=== MATERIAL FOR THE TASK ===

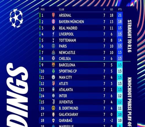 欧冠末轮半场后积分榜:曼城顶替切尔西进入前8,皇马第5巴萨第13
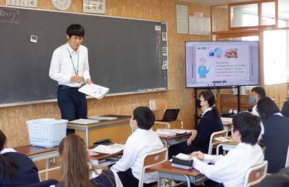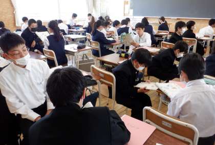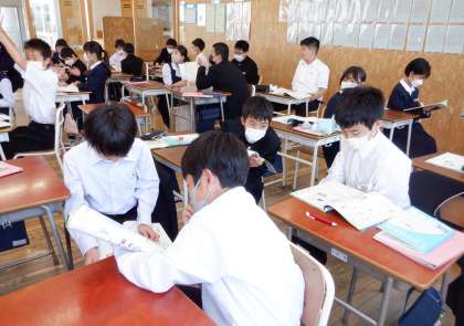1−Aの英語の授業風景です。ペアで、本文を読む連取をしています。ペアで学習をすると、集中力も高まっています。
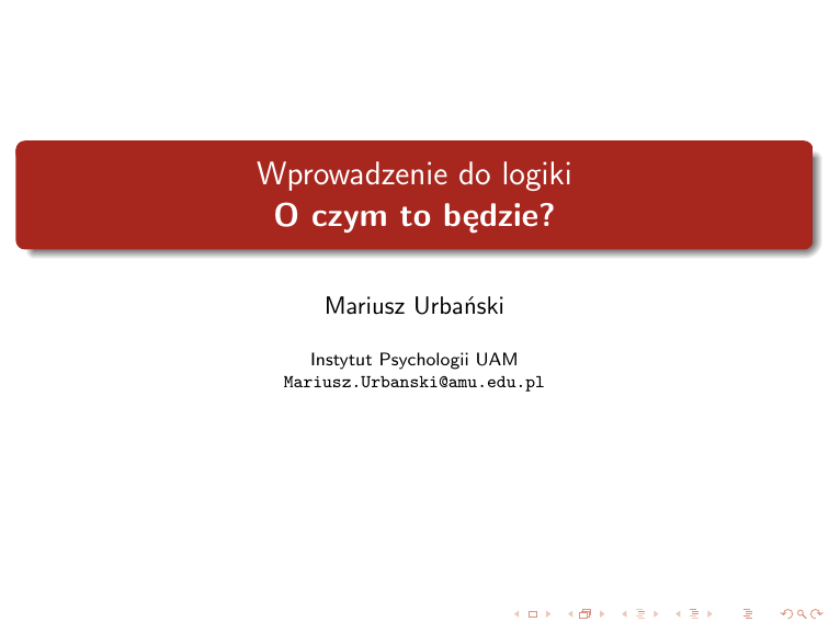 Wprowadzenie do logiki O czym to będzie? Mariusz Urbański Instytut Psychologii UAM [email protected] Dwa fundamentalne pytania: Czym zajmuje się logika? Czym my się zajmować będziemy? amu kognitywistyka, rok I (IP UAM) Wprowadzenie do logiki 2/6 Logika (w sensie tak szerokim, jak to tylko możliwe) to nauka o języku jako systemie znaków słownych. Jej trzy zasadnicze działy to: semiotyka nauka o znakach, w szczególności znakach słownych metodologia nauk zajmuje się badaniem metod poznawania świata, a zwłaszcza uzasadnianiem twierdzeń logika formalna nauka o związkach między wartościami logicznymi zdań, zachodzącymi ze względu na ich budowę amu kognitywistyka, rok I (IP UAM) Wprowadzenie do logiki 3/6 Logika (w sensie tak szerokim, jak to tylko możliwe) to nauka o języku jako systemie znaków słownych. Jej trzy zasadnicze działy to: semiotyka nauka o znakach, w szczególności znakach słownych metodologia nauk zajmuje się badaniem metod poznawania świata, a zwłaszcza uzasadnianiem twierdzeń logika formalna nauka o związkach między wartościami logicznymi zdań, zachodzącymi ze względu na ich budowę amu kognitywistyka, rok I (IP UAM) Wprowadzenie do logiki 3/6 Czym będziemy się zajmować? z zakresu semiotyki: znak, język, kategorie syntaktyczne wyrażeń, nazwy, definicje, pytania, wnioskowania konwersacyjne, implikatury z zakresu metodologii nauk: klasyfikacja rozumowań, sposoby uzasadniania twierdzeń z zakresu logiki formalnej: elementy rachunków: zdań i predykatów oraz sylogistyki, pojęcie wynikania, klasyfikacja rozumowań amu kognitywistyka, rok I (IP UAM) Wprowadzenie do logiki 4/6 Z czego będziemy korzystać? Ajdukiewicz, K. (1975), Logika pragmatyczna, Warszawa: PWN. Tokarz, M. (1993), Elementy pragmatyki logicznej, Warszawa: PWN. Stanosz, B. (1998), Ćwiczenia z logiki, Warszawa: PWN. Ziembiński, Z. (2003), Logika praktyczna, Warszawa: PWN. Żarnecka-Biały, E. (1999), Mała logika, Kraków: Wyd. UJ. Żarnecka-Biały, E. (1998), Z historii logiki dawniejszej, Kraków: Wyd. UJ. http://logika.wikidot.com amu kognitywistyka, rok I (IP UAM) Wprowadzenie do logiki 5/6 Czym nie będziemy się zajmować? historią logiki (choć jest fascynująca); drobiazgową analizą pojęć i teorii (stary dylemat oracza, a poza tym, jak wiadomo, „Wprowadzenia...” zwykle kłamią); tym co najciekawsze , (czyli współczesną logiką formalną i językoznawstwem; na to przyjdzie czas nieco później – najpierw trzeba się obsługi narzędzi nauczyć). amu kognitywistyka, rok I (IP UAM) Wprowadzenie do logiki 6/6
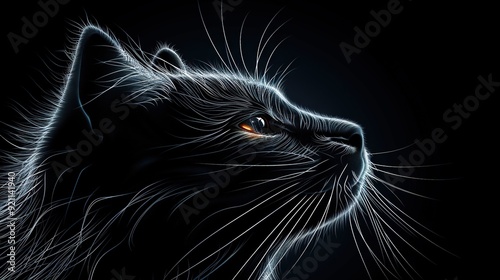 Close-up of a cat's face on a black background, illuminated by light shining through its eyes
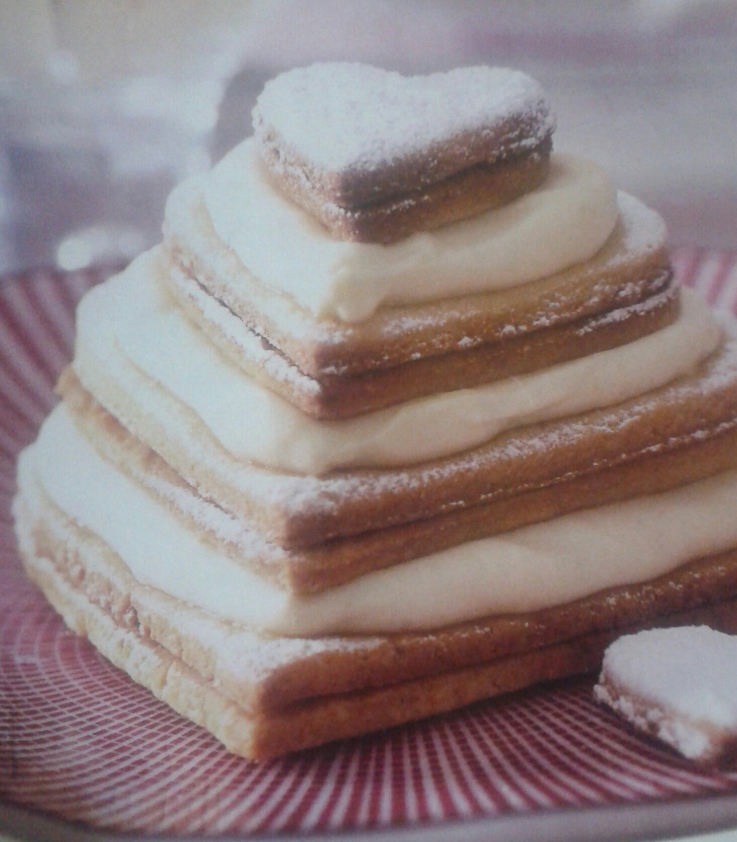 - Bate la crema de leche hasta que se ponga sólida. Cuando los corazones se hayan enfriado, espolvoréales el azúcar en polvo. Une los corazones del mismo tamaño de 2 en 2, fijándolos con un poco de crema de leche. Pasa dos parejas de corazones grandes a cada plato y ve formando el dulce con corazones de tamaños escalonado, como si fuera una torre, intercalando entre cada capa una buena cantidad de crema de vainilla. Termina espolvoreando azúcar.*
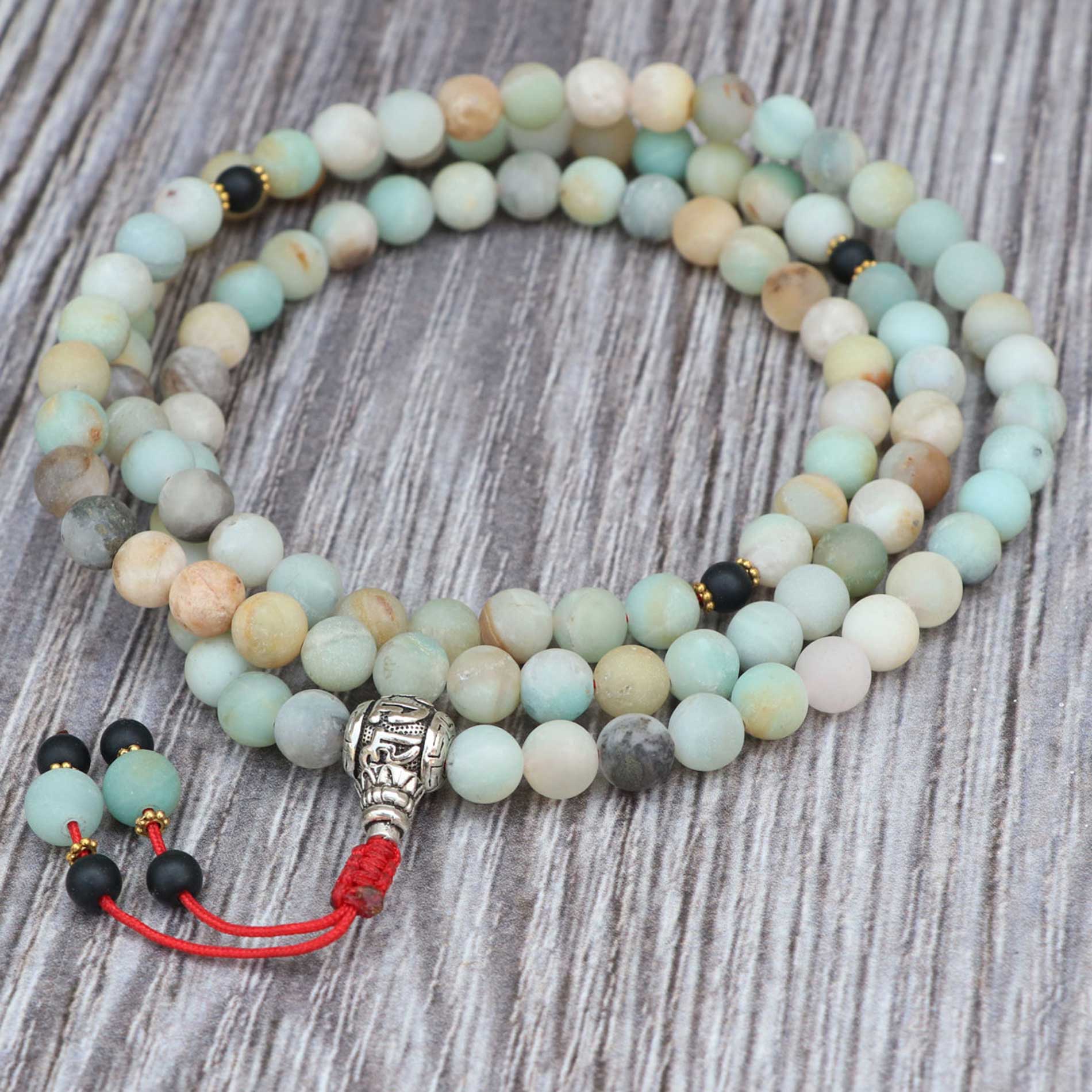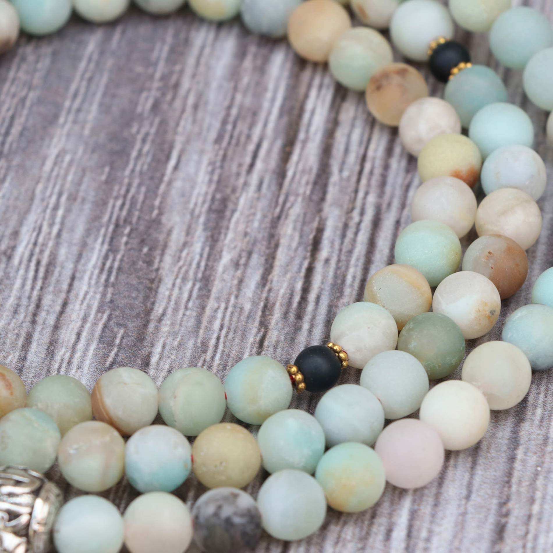 Upgrade to the ultimate quality of Matte Amazonite Stone Prayer Mala from Lotus Handicrafts (Lotus Mala).

===

TASK GOAL. Restate word for word the lines above that start at the line containing "- Bate la crema" and run to the end of the listing; exclude the pictures.

OUTPUT OF THE TASK.
 - Bate la crema de leche hasta que se ponga sólida. Cuando los corazones se hayan enfriado, espolvoréales el azúcar en polvo. Une los corazones del mismo tamaño de 2 en 2, fijándolos con un poco de crema de leche. Pasa dos parejas de corazones grandes a cada plato y ve formando el dulce con corazones de tamaños escalonado, como si fuera una torre, intercalando entre cada capa una buena cantidad de crema de vainilla. Termina espolvoreando azúcar.*
 Upgrade to the ultimate quality of Matte Amazonite Stone Prayer Mala from Lotus Handicrafts (Lotus Mala).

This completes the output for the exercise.